LAB 9 MINI REPORT
Refer to the general guidelines for Mini Lab Reports on Canvas, found here (link opens in a new tab): Lab Mini Reports
This report is done in pairs.
Methods
- Describe all the experimental conditions tested (such as concentrations, wavelength, incubation time etc)
- Describe all the data analysis and equations you used to determine the values you report in the Results
Results
- For both wild type and mutant, show one representative set of fluorescence emission curves (wavelength on the x-axis, fluorescence on the y-axis, one curve per [urea]).

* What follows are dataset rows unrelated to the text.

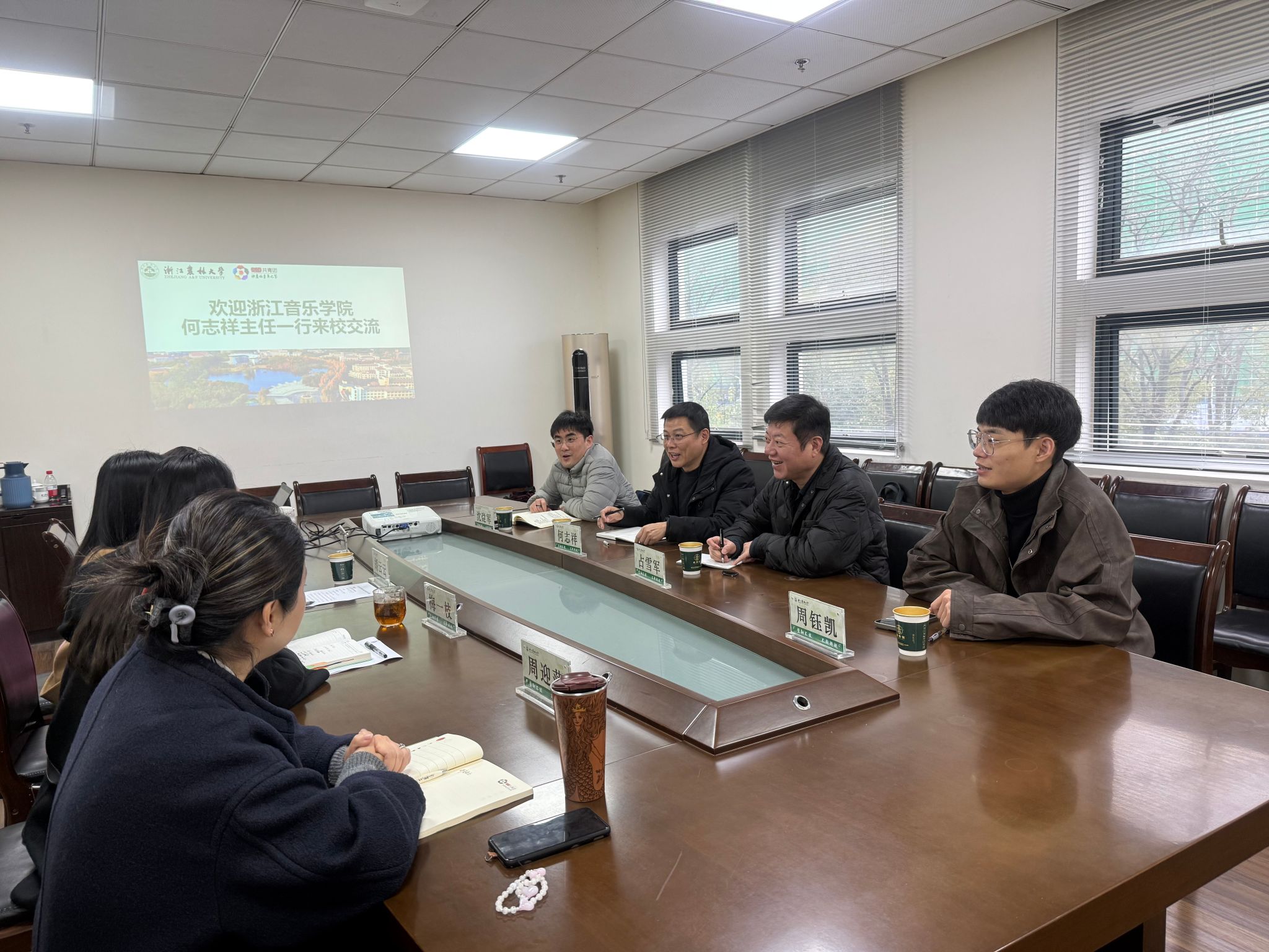 3月12日,浙江音乐学院教学与实践中心主任何志祥一行到校团委调研交流。校团委书记胡云云和艺术教育中心老师参加座谈。
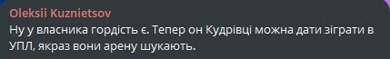 Oleksii Kuznietsov: Ну у власника гордість є. Тепер он Кудрівці можна дати зіграти в УПЛ, якраз вони арену шукають.
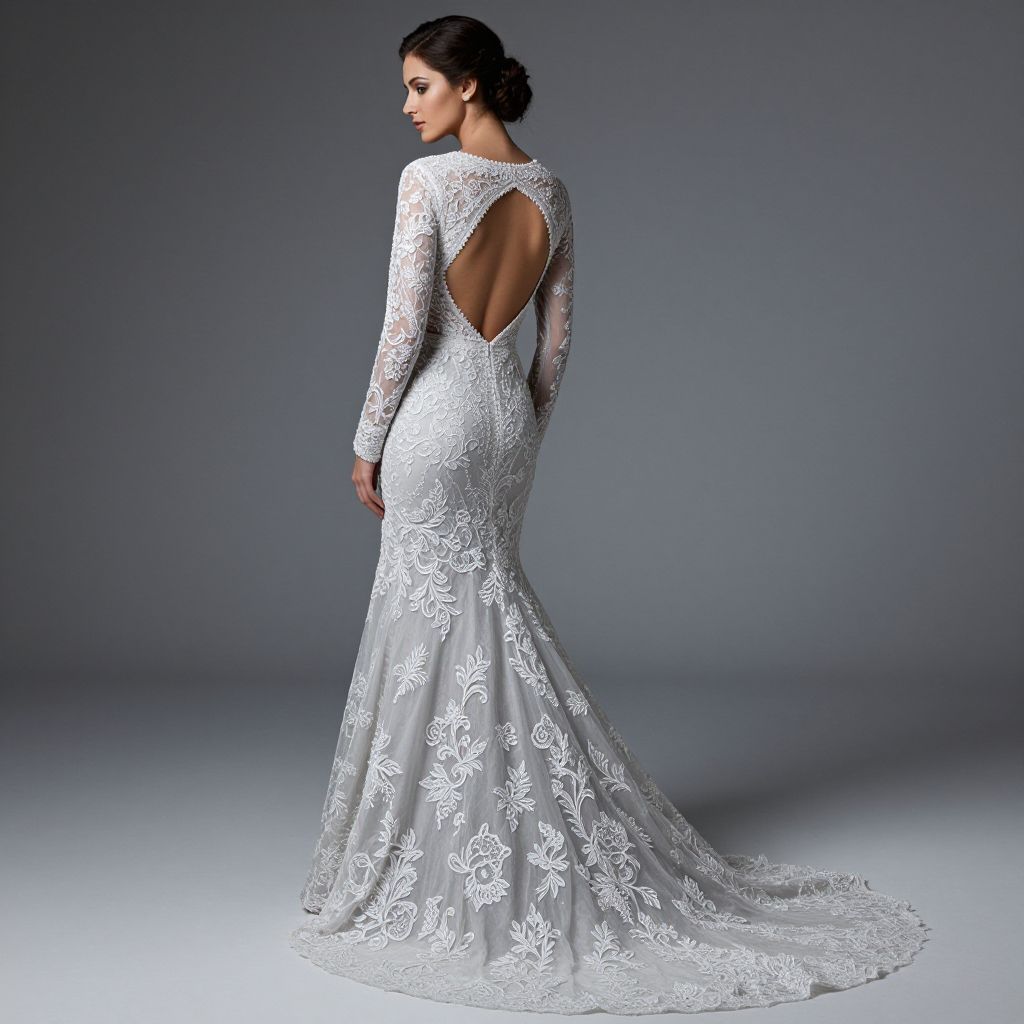 Photograph of a woman with light olive skin and dark brown, wavy hair styled in an elegant updo. She is wearing a form-fitting, long-sleeved white lace wedding gown with a deep, open back and intricate floral patterns. The gown features a mermaid-style silhouette that flares out into a long, trailing train. She stands with her back to the camera, slightly turning her head to the right. The background is a simple, gradient gray, highlighting the dress's detailed lacework. The lighting is soft, casting subtle shadows that emphasize the gown's textures and contours.
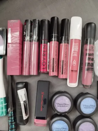 Lote cosméticos sin estrenar, muchos de ellos precintados. Incluye labiales, Eyeliners, lápiz de ojos, sombras de ojos, barras de labios. Diversas marcas: Sephora, Maybelline, Max factor, Essence, Catrice, Lovrén, Camaleón... Se vende el lote completo
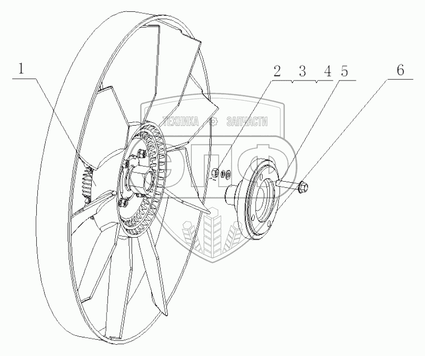 Каталог запасных частей к технике: Yuchai YC4G190N-50. G2S0B-1308000/01 Fan Assembly
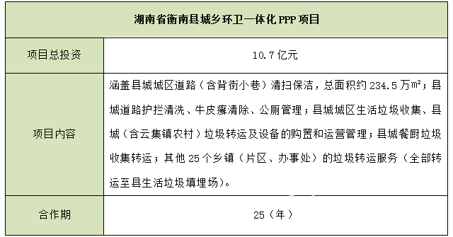 湖南省衡南縣城鄉(xiāng)環(huán)衛(wèi)一體化PPP項目
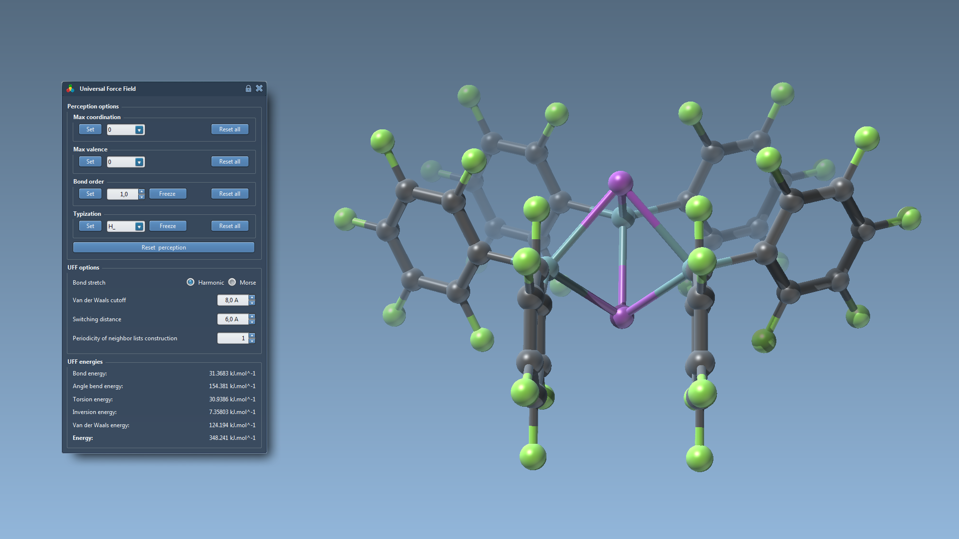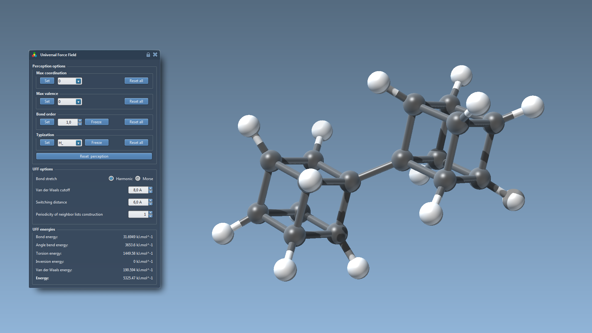 To use UFF in an interactive simulation, add a simulator to the document from the Home menu, and choose "Universal Force Field". The property window of the interaction model makes it possible to customize the perception and set up the interaction model (e.g. choose the cutoff), and displays the various energy types and the total energy.

- Show the Xf and ΔGunfolding plots you generated in Excel. Include error bars (the error bars should represent the standard deviation of each data point).
- Note: error bars in Excel are actually kind of hard. Here is a link to some documentation that may help. You will want to do custom error bars, and be sure to use only vertical bars (not horizontal): link to Excel error bars help
- Compare the shapes of these curves. Are the wt and mutant the same or can you observe some differences?
- Use a table to report the CM and ΔGunfolding (as determined in Prism) for both wt and mutant protein. Be sure to include measurements of error, and state clearly what measurements you are using.
- Report statistical significance and p-values where possible.
Discussion
- How do your CM and ΔGunfolding values compare to published values? What are some reasons why your values might differ from what has been published?
- Point out any abnormalities in the data and provide possible explanations.
- What did you learn about the effect of your mutation on the stability of HCAII?